§ **Your instructions**
Copy out the data below from the line containing "Ściany zewnętrzne: murowane, dwuwarstwowe: pustak" to the line containing "과천시 보건소는 코로나19", both lines included, with all images left out.

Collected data
-- Opening Marker --
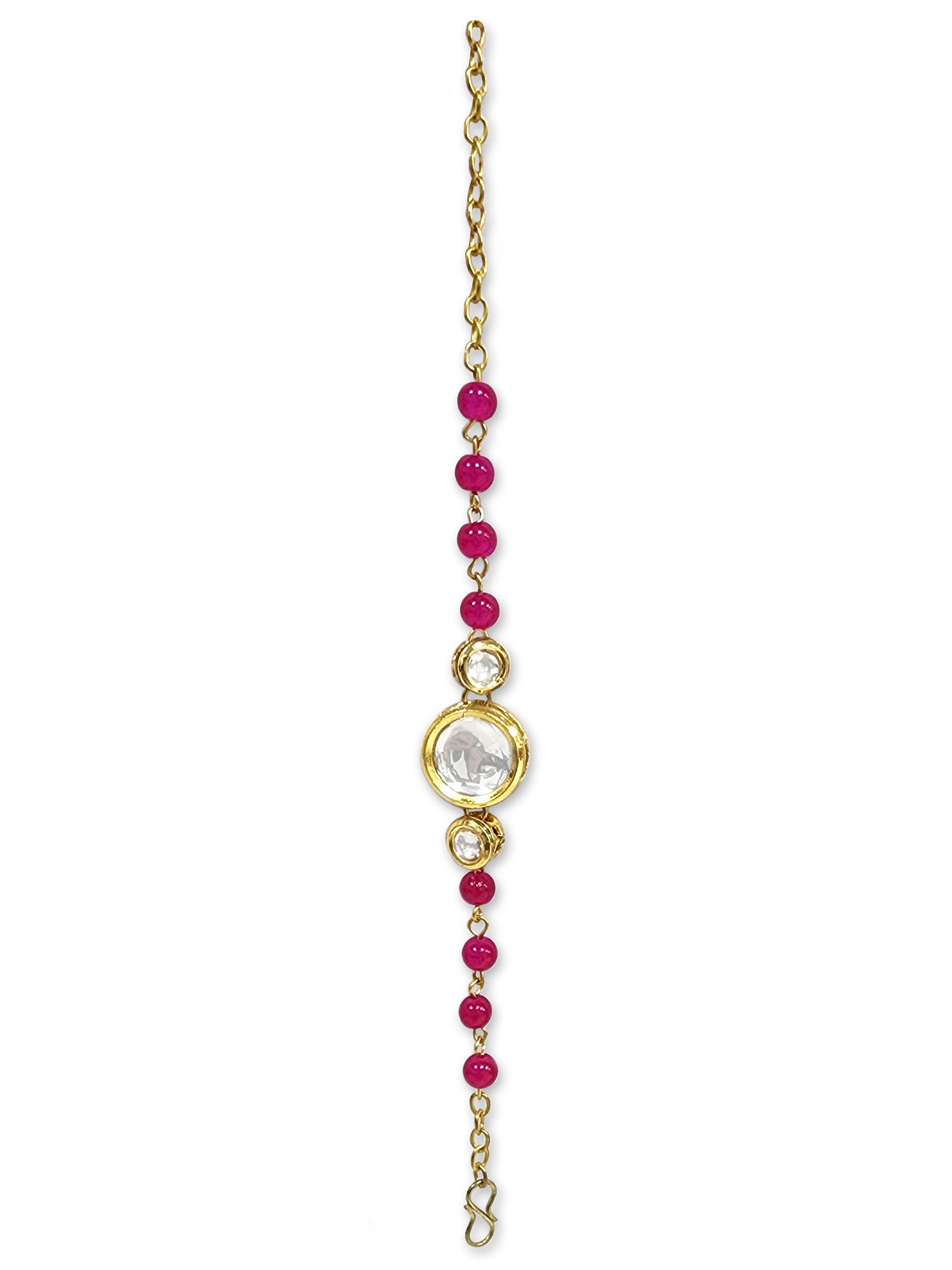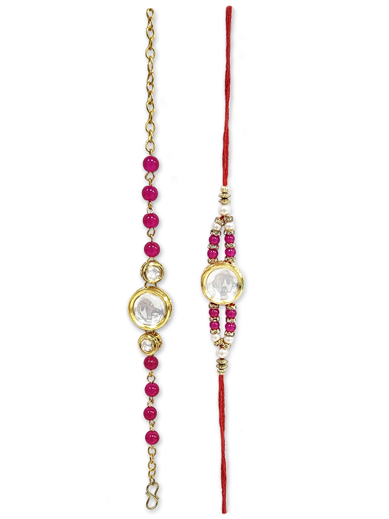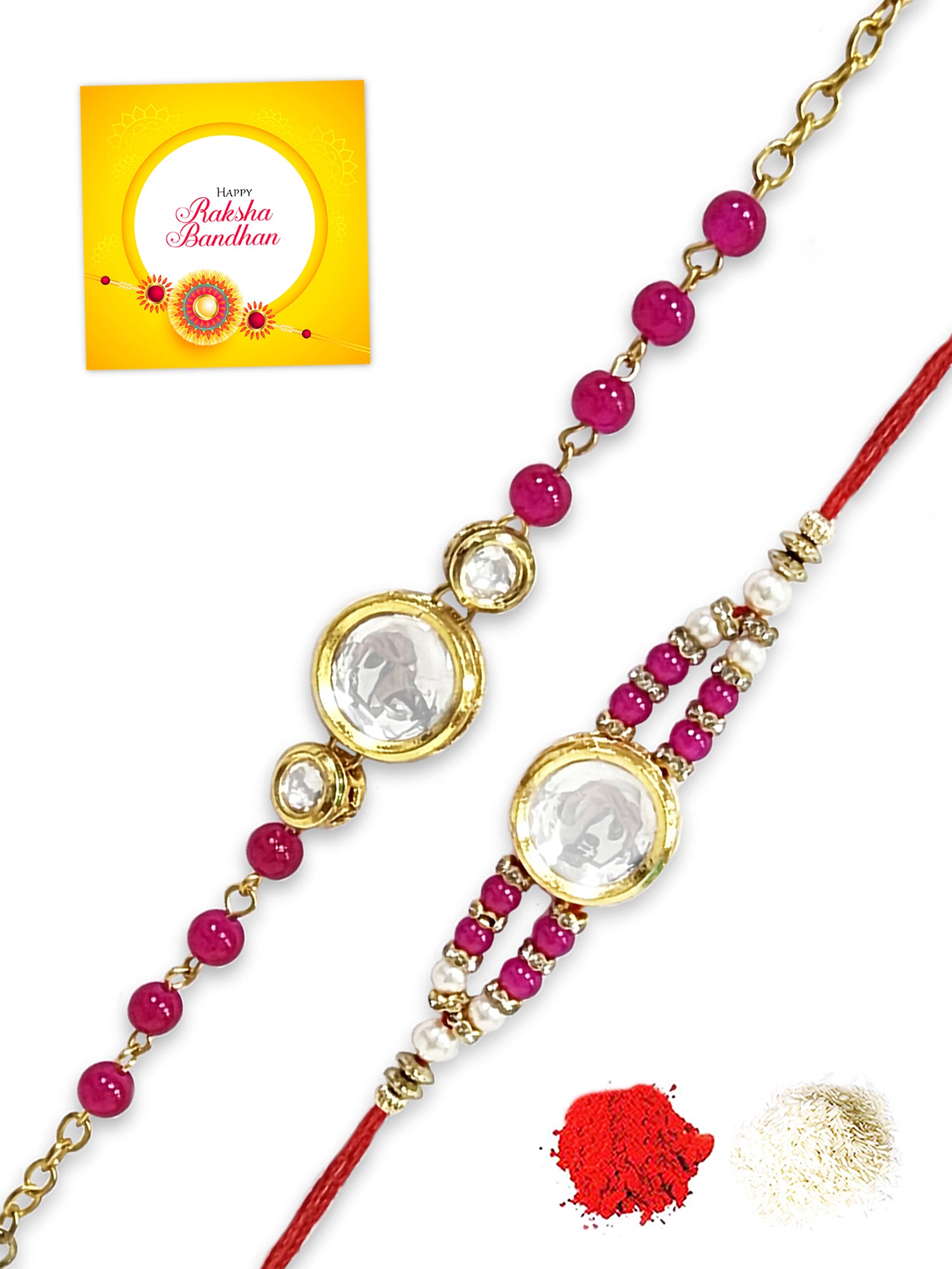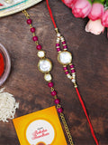 Karatcart Rakhi for Brother and Bhabhi Set of 2 Gold Plated Pink Beads Round Polki Kundan Bhiya Bhabhi Rakhi Combo with Roli & Chawal
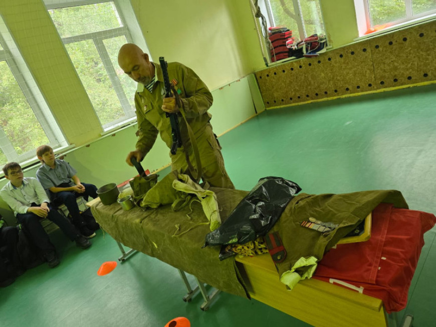 Занятие с 260 учениками старших классов провел руководитель Уссурийского отделения «БОЕВОГО БРАТСТВА» Александр Коломеец. Ветеран рассказал о героизме солдат, которые защищали Россию во все времена.
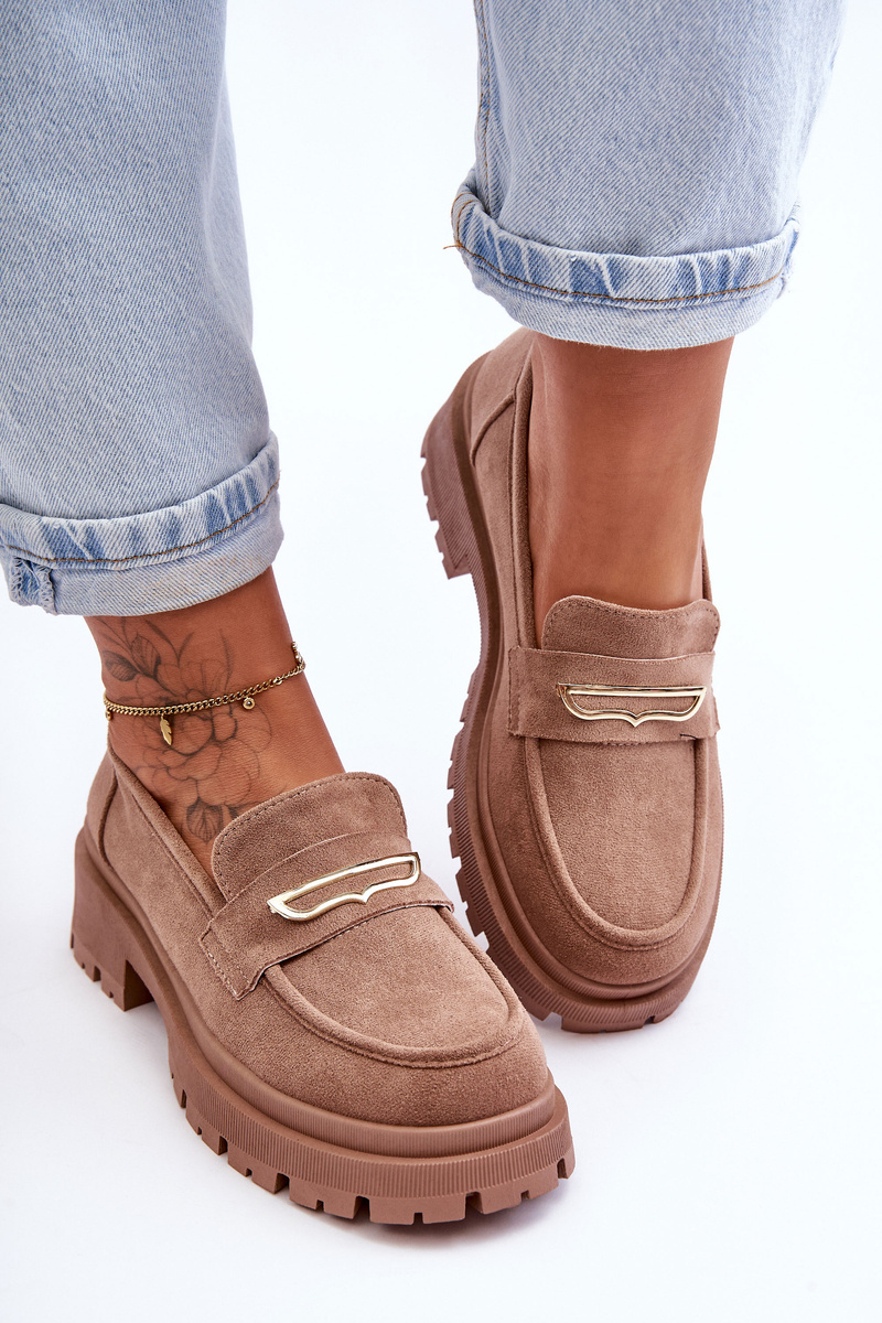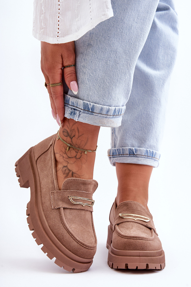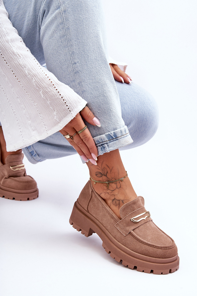 Elegantné, ženské mokasíny boli vyrobené z ekologického semišu. Boli umiestnení na masívnu plošinu a ploché podpätky. Okrem toho majú stuhnutú pätu. Mäkká vložka z ekoženého kože poskytne pohodlné použitie. Moccasíny boli zdobené na prednej tyči jemným tanierom. Tento model by mal byť vo vašom šatníku! Pri výbere veľkosti navrhnite tabuľku veľkosti.
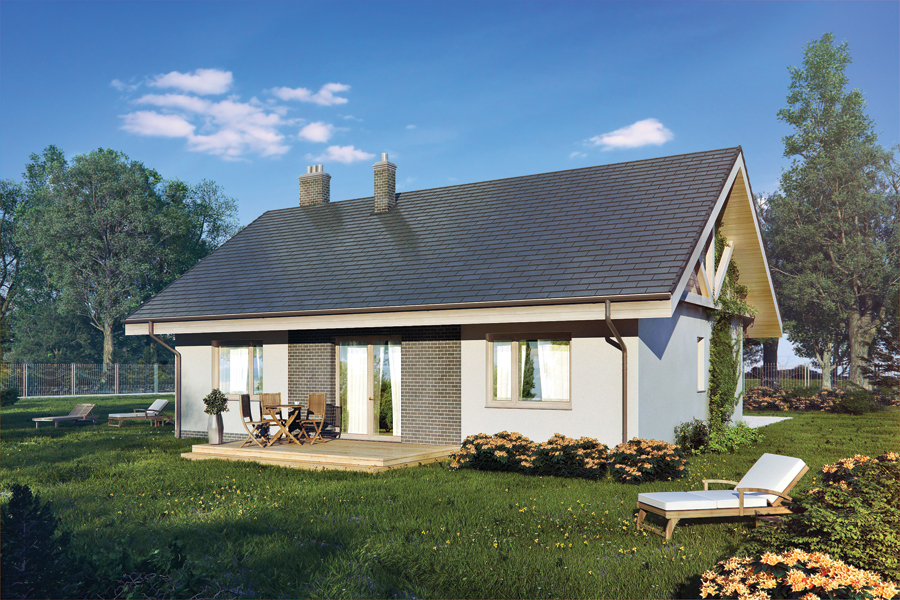 Ściany zewnętrzne: murowane, dwuwarstwowe: pustak ceramiczny 25 cm folia wiatroizolacyjna 2x wełna mineralna 6 cm i tynk wewnętrzny
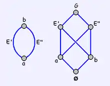 - {ø<a, ø<b, a<E', a<E", b<E', b<E", E'<G, E"<G}
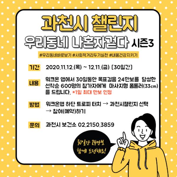 과천시 보건소는 코로나19 확산으로 위축된 과천 시민의 일상 속 걷기 실천을 장려하기 위해 모바일 걷기앱 워크온을 통한 ‘우리동네 나혼자 걷다’ 11월 챌린지를 오는 12일부터 30일간 운영한다고 10일 밝혔다.
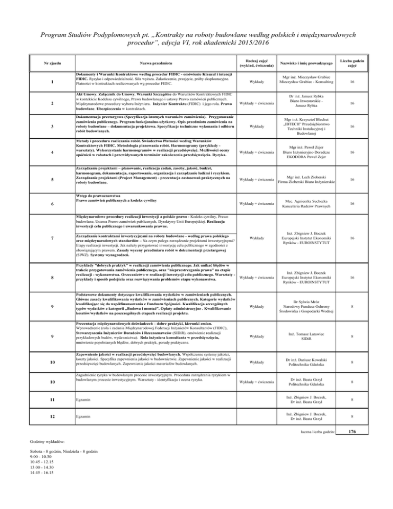 Program Studiów Podyplomowych pt. „Kontrakty na roboty budowlane według polskich i międzynarodowych procedur”, edycja VI, rok akademicki 2015/2016 Nr zjazdu 1 2 3 4 5 6 Nazwa przedmiotu Dokumenty i Warunki Kontraktowe według procedur FIDIC - omówienie Klauzul i intencji FIDIC. Ryzyko i odpowiedzialność. Siła wyższa. Zakończenie, przejęcie, próby eksploatacyjne. Płatności w kontraktach realizowanych wg procedur FIDIC. Akt Umowy. Załącznik do Umowy. Warunki Szczególne do Warunków Kontraktowych FIDIC w kontekście Kodeksu cywilnego, Prawa budowlanego i ustawy Prawo zamówień publicznych. Międzynarodowe procedury wyboru Inżyniera. Inżynier Kontraktu (FIDIC) i jego rola. Prawo budowlane. Ubezpieczenia w kontraktach. Dokumentacja przetargowa (Specyfikacja istotnych warunków zamówienia). Przygotowanie zamówienia publicznego. Program funkcjonalno-użytkowy. Opis przedmiotu zamówienia na roboty budowlane – dokumentacja projektowa. Specyfikacje techniczne wykonania i odbioru robót budowlanych. Metody i procedura rozliczania robót. Świadectwo Płatności według Warunków Kontraktowych FIDIC. Metodologia planowania robót. Harmonogramy (przykłady warsztaty). Wykorzystanie harmonogramów w realizacji przedsięwzięć. Możliwości oceny opóźnień w robotach i przewidywanych terminów zakończenia przedsięwzięcia. Ryzyka. Zarządzanie projektami – planowanie, realizacja zadań, zasoby, jakość, budżet, harmonogram, dokumentacja, raportowanie, organizacja i zarządzanie ludźmi i ryzykiem. Zarządzanie projektami (Project Management) - prezentacja zastosowań praktycznych na roboty budowlane. Wstęp do prawoznawstwa Prawo zamówień publicznych a kodeks cywilny Rodzaj zajęć (wykład, ćwiczenia) Wykłady Wykłady + ćwiczenia Nazwisko i imię prowadzącego Mgr inż. Mieczysław Grabiec Mieczysław Grabiec - Konsulting Dr inż. Janusz Rybka Biuro Inwestorskie Janusz Rybka Liczba godzin zajęć 16 16 Wykłady Mgr inż. Krzysztof Błachut „IBTECH” Przedsiębiorstwo Techniki Instalacyjnej i Budowlanej 16 Wykłady + ćwiczenia Mgr inż. Paweł Zejer Biuro Inżynieryjno-Doradcze EKODORA Paweł Zejer 16 Wykłady + ćwiczenia Mgr inż. Lech Zioberski Firma Zioberski Biuro Inżynierskie 16 Wykłady + ćwiczenia Mec. Agnieszka Suchecka Kancelaria Radców Prawnych 16 Wykłady Inż. Zbigniew J. Boczek Europejski Instytut Ekonomiki Rynków - EUROINSTYTUT 16 Wykłady + ćwiczenia Inż. Zbigniew J. Boczek Europejski Instytut Ekonomiki Rynków - EUROINSTYTUT 16 Wykłady Dr Sylwia Mróz Narodowy Fundusz Ochrony Środowiska i Gospodarki Wodnej 8 Wykłady Inż. Tomasz Latawiec SIDiR 8 Wykłady Dr inż. Dariusz Kowalski Politechnika Gdańska 8 Wykłady + ćwiczenia Dr inż. Beata Grzyl Politechnika Gdańska 8 Międzynarodowe procedury realizacji inwestycji a polskie prawo - Kodeks cywilny, Prawo budowlane, Ustawa Prawo zamówień publicznych, Dyrektywy Unii Europejskiej. Realizacja inwestycji celu publicznego i uwarunkowania prawne. 7 8 9 9 10 10 Zarządzanie kontraktami inwestycyjnymi na roboty budowlane - według prawa polskiego oraz międzynarodowych standardów – Na czym polega zarządzanie projektami inwestycyjnymi? Etapy realizacji inwestycji. Jak należy przygotować inwestycję celu publicznego w zgodności z obowiązującym prawem. Zasady wyceny przedmiaru robót w dokumentacji przetargowej (SIWZ). Systemy wynagrodzeń. Przykłady "dobrych praktyk" w realizacji zamówienia publicznego. Jak unikać błędów w trakcie przygotowania zamówienia publicznego, oraz "nieprzestrzegania prawa" na etapie realizacji - wykonawstwa. Orzecznictwo w realizacji inwestycji celu publicznego. Warsztaty przykłady i sposób podejścia oraz rozwiązywania problemów etapu wykonawstwa. Podstawowe dokumenty dotyczące kwalifikowania wydatków w zamówieniach publicznych. Główne zasady kwalifikowania wydatków w zamówieniach publicznych. Kategorie wydatków kwalifikujące się do współfinansowania z Funduszu Spójności. Kwalifikacja szczególnych typów wydatków z kategorii „Budowa i montaż”. Opłaty administracyjne . Kwalifikowanie kosztów/wydatków na poszczególnych etapach realizacji projektu. Prezentacja międzynarodowych doświadczeń – dobre praktyki, kierunki zmian. Wprowadzenie (rola i zadania Międzynarodowej Federacji Inżynierów Konsultantów (FIDIC), Stowarzyszenia Inżynierów Doradców i Rzeczoznawców (SIDiR), omówienie realizacji przykładowych budów, wydawnictwa). Rola inżyniera konsultanta w przedsięwzięciu, omówienie popełnianych błędów, dobrych praktyk, porady praktyczne. Zapewnienie jakości w realizacji przedsięwzięć budowlanych. Współczesne systemy jakości, koszty jakości. Specyfika zapewnienia jakości w budownictwie. Zapewnienie jakości w realizacji przedsięwzięć budowlanych. Zapewnienie jakości materiałów budowlanych. Zagadnienie ryzyka w budowlanym procesie inwestycyjnym. Procedura zarządzania ryzykiem w budowlanym procesie inwestycyjnym. Warsztaty - identyfikacja i ocena ryzyka. 11 Egzamin Inż. Zbigniew J. Boczek, Dr inż. Beata Grzyl 8 12 Egzamin Inż. Zbigniew J. Boczek, Dr inż. Beata Grzyl 8 łaczna liczba godzin: Godziny wykładów: Sobota - 8 godzin, Niedziela - 8 godzin 9.00 - 10.30 10.45 - 12.15 13.00 - 14.30 14.45 - 16.15 176
-- Closing Marker --
§ **Answer to this problem**
 Ściany zewnętrzne: murowane, dwuwarstwowe: pustak ceramiczny 25 cm folia wiatroizolacyjna 2x wełna mineralna 6 cm i tynk wewnętrzny
 - {ø<a, ø<b, a<E', a<E", b<E', b<E", E'<G, E"<G}
 과천시 보건소는 코로나19 확산으로 위축된 과천 시민의 일상 속 걷기 실천을 장려하기 위해 모바일 걷기앱 워크온을 통한 ‘우리동네 나혼자 걷다’ 11월 챌린지를 오는 12일부터 30일간 운영한다고 10일 밝혔다.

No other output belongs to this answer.